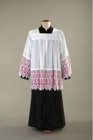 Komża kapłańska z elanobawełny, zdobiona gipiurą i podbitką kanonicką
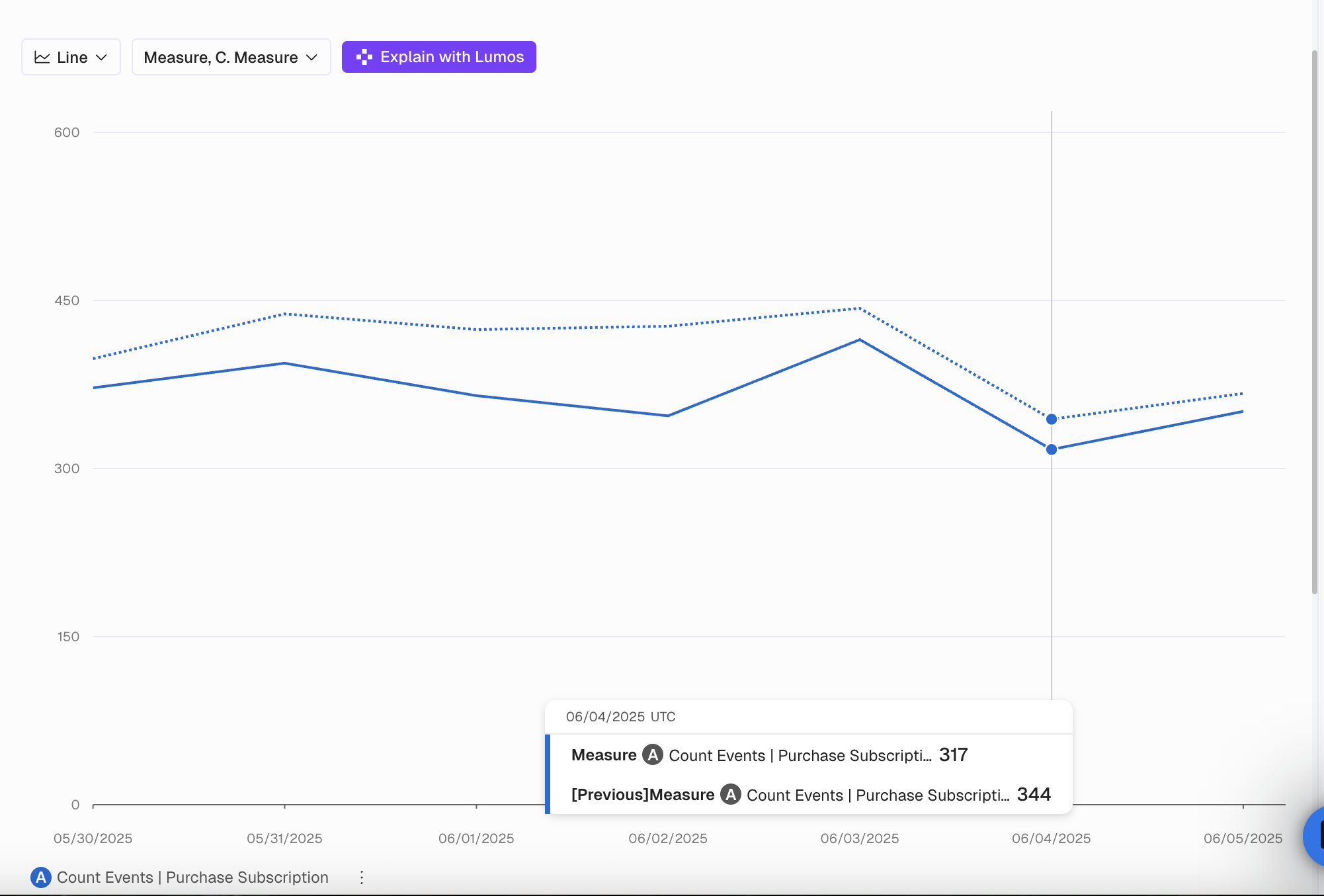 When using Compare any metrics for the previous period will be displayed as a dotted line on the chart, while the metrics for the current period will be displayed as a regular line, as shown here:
* * *
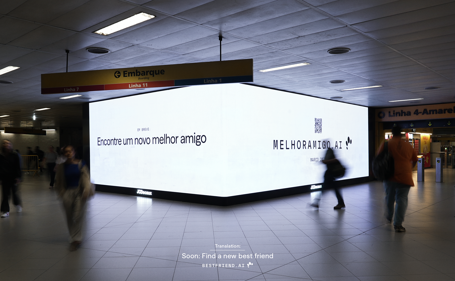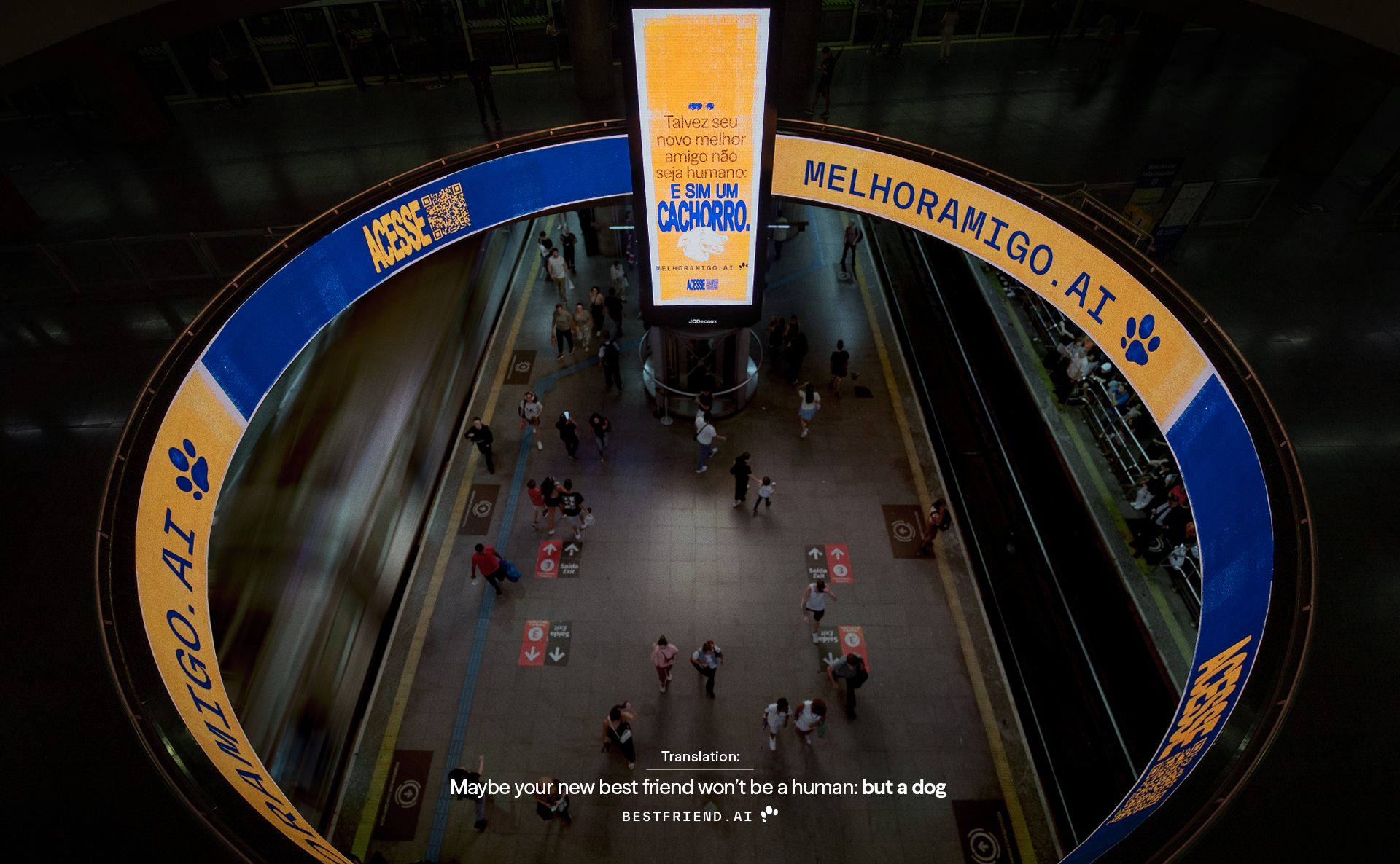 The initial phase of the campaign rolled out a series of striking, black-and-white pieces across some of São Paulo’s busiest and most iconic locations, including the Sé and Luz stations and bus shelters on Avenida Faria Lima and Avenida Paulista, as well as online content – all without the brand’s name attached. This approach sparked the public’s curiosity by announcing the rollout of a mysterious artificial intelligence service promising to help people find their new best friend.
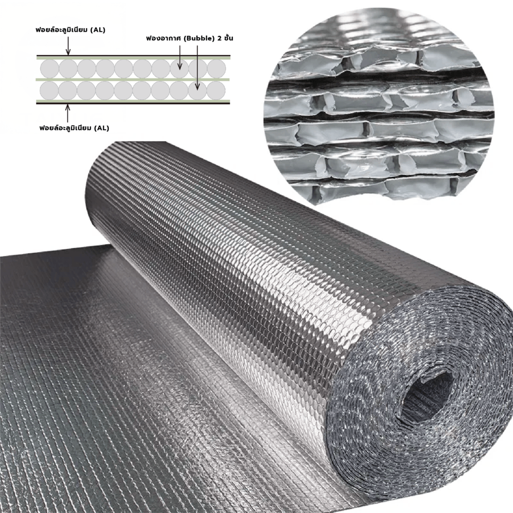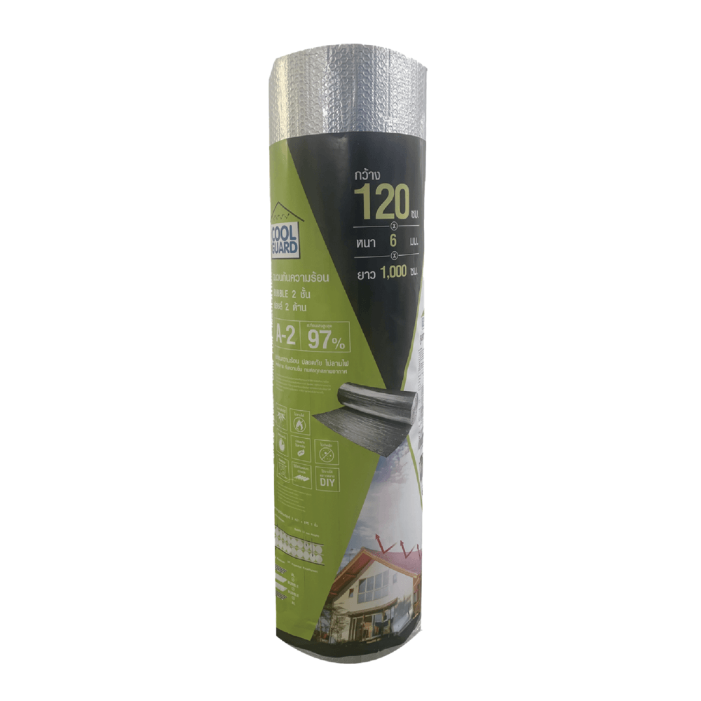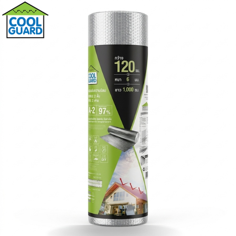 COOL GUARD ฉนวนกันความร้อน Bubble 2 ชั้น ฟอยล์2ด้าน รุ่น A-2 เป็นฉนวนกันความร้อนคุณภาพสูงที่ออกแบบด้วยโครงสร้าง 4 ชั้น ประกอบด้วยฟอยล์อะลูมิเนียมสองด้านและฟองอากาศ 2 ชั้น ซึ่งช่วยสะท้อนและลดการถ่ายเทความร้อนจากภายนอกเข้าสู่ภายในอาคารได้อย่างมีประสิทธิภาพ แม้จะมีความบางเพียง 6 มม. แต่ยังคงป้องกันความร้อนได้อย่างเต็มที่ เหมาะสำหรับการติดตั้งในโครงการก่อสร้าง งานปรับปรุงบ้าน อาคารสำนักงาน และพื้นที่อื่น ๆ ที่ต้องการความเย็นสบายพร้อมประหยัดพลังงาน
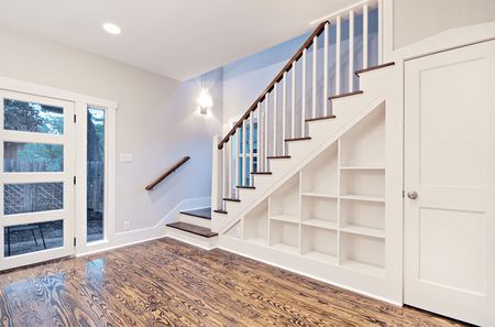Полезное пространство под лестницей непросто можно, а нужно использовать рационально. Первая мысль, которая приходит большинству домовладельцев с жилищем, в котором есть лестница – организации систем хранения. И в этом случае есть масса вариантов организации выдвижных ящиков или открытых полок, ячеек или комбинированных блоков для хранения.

> **Your goal**
Copy exactly the part of the material above that opens with the line containing "The initial phase" and closes with the line containing "Полезное пространство под", ends included. Drop the images.

> **Written solution**
 The initial phase of the campaign rolled out a series of striking, black-and-white pieces across some of São Paulo’s busiest and most iconic locations, including the Sé and Luz stations and bus shelters on Avenida Faria Lima and Avenida Paulista, as well as online content – all without the brand’s name attached. This approach sparked the public’s curiosity by announcing the rollout of a mysterious artificial intelligence service promising to help people find their new best friend.
 COOL GUARD ฉนวนกันความร้อน Bubble 2 ชั้น ฟอยล์2ด้าน รุ่น A-2 เป็นฉนวนกันความร้อนคุณภาพสูงที่ออกแบบด้วยโครงสร้าง 4 ชั้น ประกอบด้วยฟอยล์อะลูมิเนียมสองด้านและฟองอากาศ 2 ชั้น ซึ่งช่วยสะท้อนและลดการถ่ายเทความร้อนจากภายนอกเข้าสู่ภายในอาคารได้อย่างมีประสิทธิภาพ แม้จะมีความบางเพียง 6 มม. แต่ยังคงป้องกันความร้อนได้อย่างเต็มที่ เหมาะสำหรับการติดตั้งในโครงการก่อสร้าง งานปรับปรุงบ้าน อาคารสำนักงาน และพื้นที่อื่น ๆ ที่ต้องการความเย็นสบายพร้อมประหยัดพลังงาน
Полезное пространство под лестницей непросто можно, а нужно использовать рационально. Первая мысль, которая приходит большинству домовладельцев с жилищем, в котором есть лестница – организации систем хранения. И в этом случае есть масса вариантов организации выдвижных ящиков или открытых полок, ячеек или комбинированных блоков для хранения.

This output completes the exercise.